Contudo, essa tendência, analisada na nova antologia "Keeping Culture: The Architecture of Storage", publicada pela Valiz e editada por Susan Holden e Ashley Paine, enfrenta ceticismo. A obra questiona se a exibição do armazenamento não seria apenas uma nova forma de performance institucional, mascarando a natureza fundamental da reserva como um espaço de guarda e não de exposição. O debate coloca em xeque a ideia de que a transparência arquitetônica equivale automaticamente à democratização do acesso cultural.

A arquitetura da transparência

A ascensão do armazenamento visível reflete uma mudança na relação entre o público e o museu. Ao projetar edifícios onde caixotes e estantes fazem parte da experiência estética, instituições como o V&A buscam desmistificar o processo de conservação. A leitura editorial aqui é que essa abertura tenta remover a "autoridade" da curadoria, permitindo que o visitante encontre os objetos sem a mediação direta de uma narrativa imposta. É uma tentativa de oferecer uma experiência mais autêntica, livre do que Walter Benjamin descreveu como o tédio ordenado das coleções tradicionais.

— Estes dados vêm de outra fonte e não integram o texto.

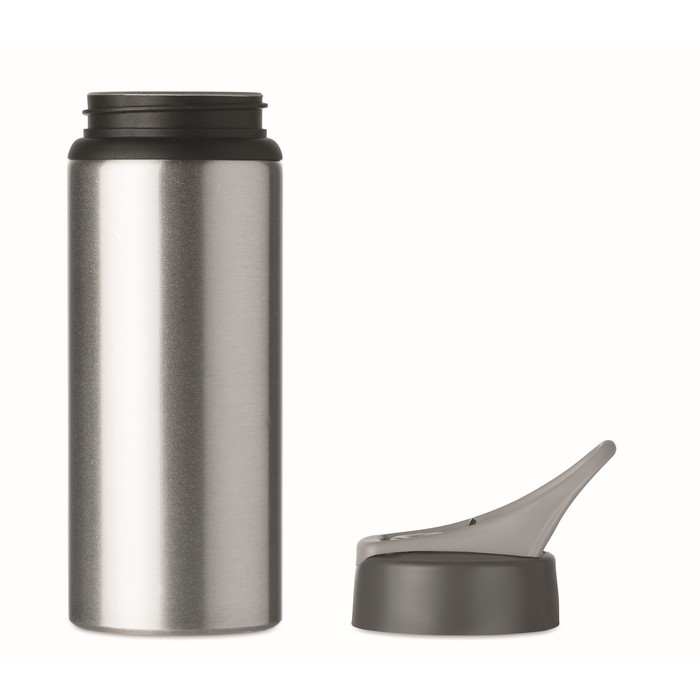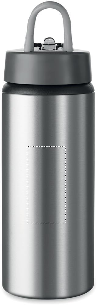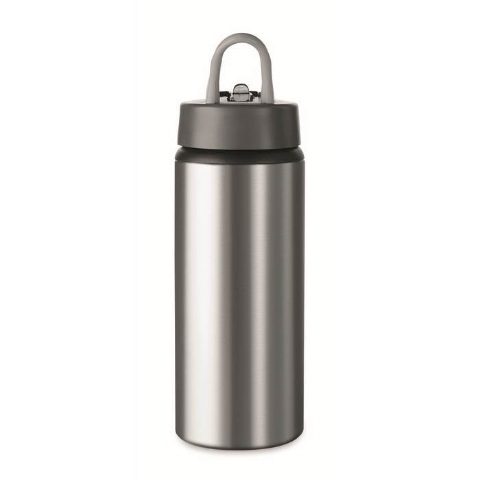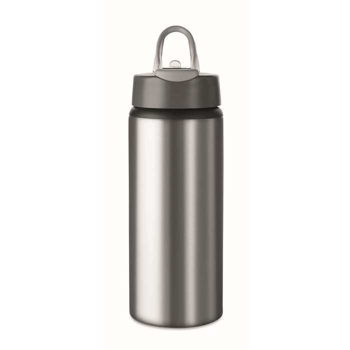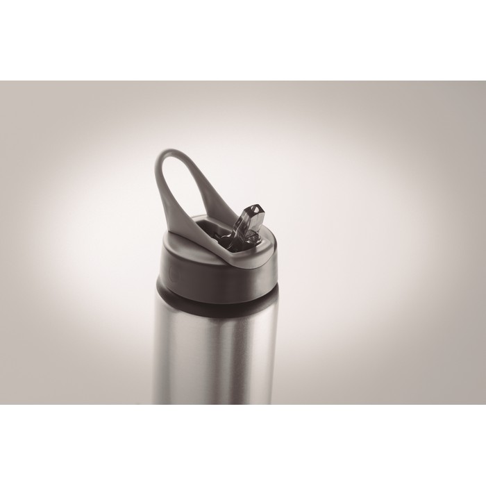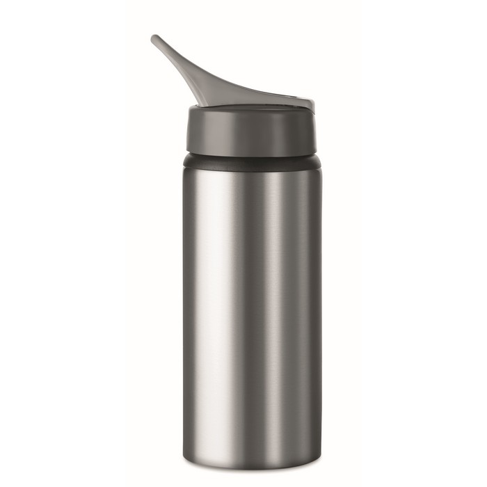 Aluminium single layer drinking bottle with foldable mouth piece and lid with hanger. Capacity 600 ml. Sublimation print available on white item only. Leak free.

Entretanto, a neutralidade desse encontro é frequentemente ilusória. Ao expor o depósito, o museu ainda exerce controle, declarando tanto a vastidão de suas posses quanto sua pretensa generosidade. A antologia sugere que o armazenamento, por definição, requer contexto; sem ele, o objeto torna-se uma mercadoria visual, perdendo a conexão histórica que a pesquisa curatorial deveria fornecer. O risco é que a transparência se torne um fim em si mesma, ignorando a complexidade do que está sendo guardado.

Performance e o peso do passado

O debate sobre o armazenamento aberto ganha contornos éticos urgentes quando confrontado com a origem das coleções. Muitos itens mantidos em reserva foram adquiridos em contextos de violência colonial, tornando a exibição desses objetos uma questão sensível. A arquiteta Carroll Go-Sam, em sua contribuição para o livro, destaca a complexidade de criar espaços de descanso para restos ancestrais indígenas, apontando que a arquitetura, por si só, não é capaz de reconciliar danos históricos passados ou a falta de procedência clara.

Críticos como Deyan Sudjic, ex-diretor do Design Museum, descrevem as novas instalações de armazenamento como "altamente performativas". A preocupação é que o museu utilize a estética do depósito para validar sua própria existência e volume de acervo, desviando a atenção da necessidade de repatriação ou de uma curadoria mais crítica. O "open storage" corre o risco de ser uma fachada para manter o status quo da acumulação, em vez de enfrentar as tensões inerentes à posse de objetos de culturas alheias.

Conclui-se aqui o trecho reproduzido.